Start of DATA FOR PROCESSING
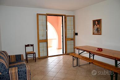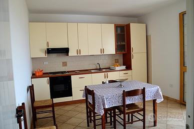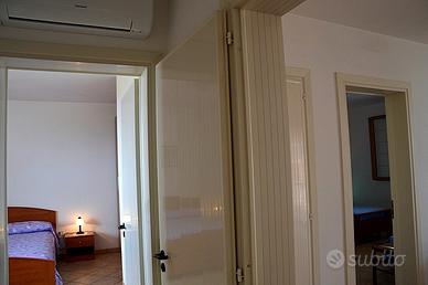 Gli interni sono pensati per la funzionalità: un'ampia e luminosa zona giorno funge da cuore della casa, collegando tutte le stanze. La cucina, completa di tutto il necessario, e una delle due camere da letto hanno accesso diretto agli spazi esterni. La zona notte comprende due camere e due bagni, uno dei quali di servizio, garantendo praticità per la vita quotidiana.
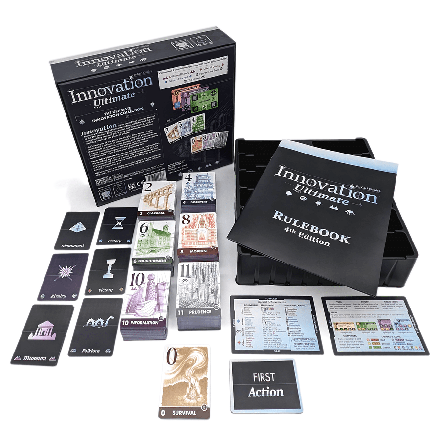 Innovation Ultimate contém o jogo base e cinco expansões. Com a introdução da Era 11, muitas das cartas do jogo base e das expansões foram atualizadas.
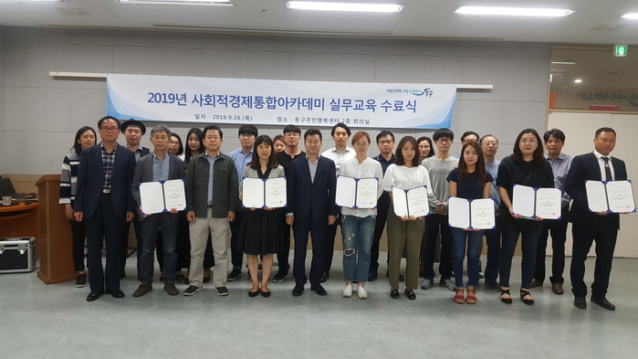 인천 동구는 최근 주민행복센터에서 ‘2019년 사회적경제통합아카데미 실무교육’ 수료식을 개최했다. 사회적통합아카데미는 사회적경제 활성화 기반을 마련하고, 교육의 효율성을 증진시키기 위해 진행됐다. 사진은 수료생들이 기념촬영을 하는 모습.(사진제공=동구청)
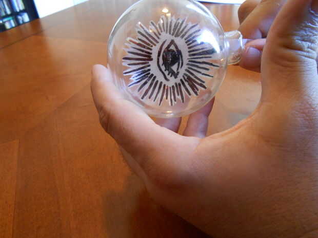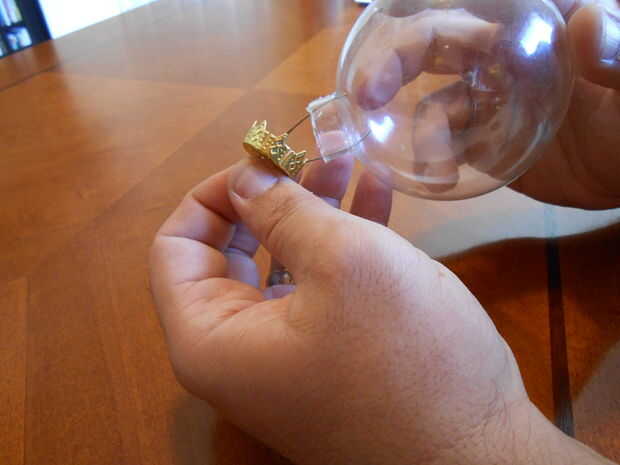 Tome la cubierta de la bola de cristal ornamento. Roll "el ojo de ver todos" en forma de pequeño tubo e inserte en el ornamento, con la lengüeta hacia fuera el adorno. Ponga a un lado.
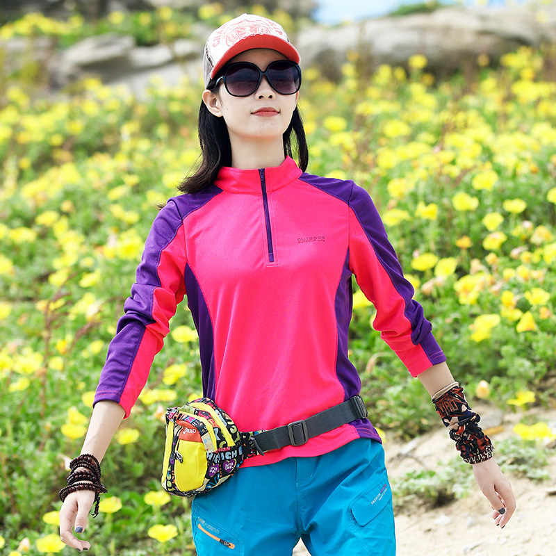 Outdoor sport new elastic speed dry coat woman long sleeve T-shirt breathable sunscreen with long sleeves suction sweat hiking
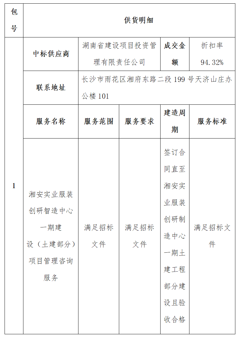 摘要:湘安实业服装创研智造中心一期建设(土建部分)项目管理咨询服务中标公告
End of DATA FOR PROCESSING
The answer consists of the lines from the one holding "Innovation Ultimate contém" to the end of the records, inclusive, restated exactly and without pictures.

 Innovation Ultimate contém o jogo base e cinco expansões. Com a introdução da Era 11, muitas das cartas do jogo base e das expansões foram atualizadas.
 인천 동구는 최근 주민행복센터에서 ‘2019년 사회적경제통합아카데미 실무교육’ 수료식을 개최했다. 사회적통합아카데미는 사회적경제 활성화 기반을 마련하고, 교육의 효율성을 증진시키기 위해 진행됐다. 사진은 수료생들이 기념촬영을 하는 모습.(사진제공=동구청)
 Tome la cubierta de la bola de cristal ornamento. Roll "el ojo de ver todos" en forma de pequeño tubo e inserte en el ornamento, con la lengüeta hacia fuera el adorno. Ponga a un lado.
 Outdoor sport new elastic speed dry coat woman long sleeve T-shirt breathable sunscreen with long sleeves suction sweat hiking
 摘要:湘安实业服装创研智造中心一期建设(土建部分)项目管理咨询服务中标公告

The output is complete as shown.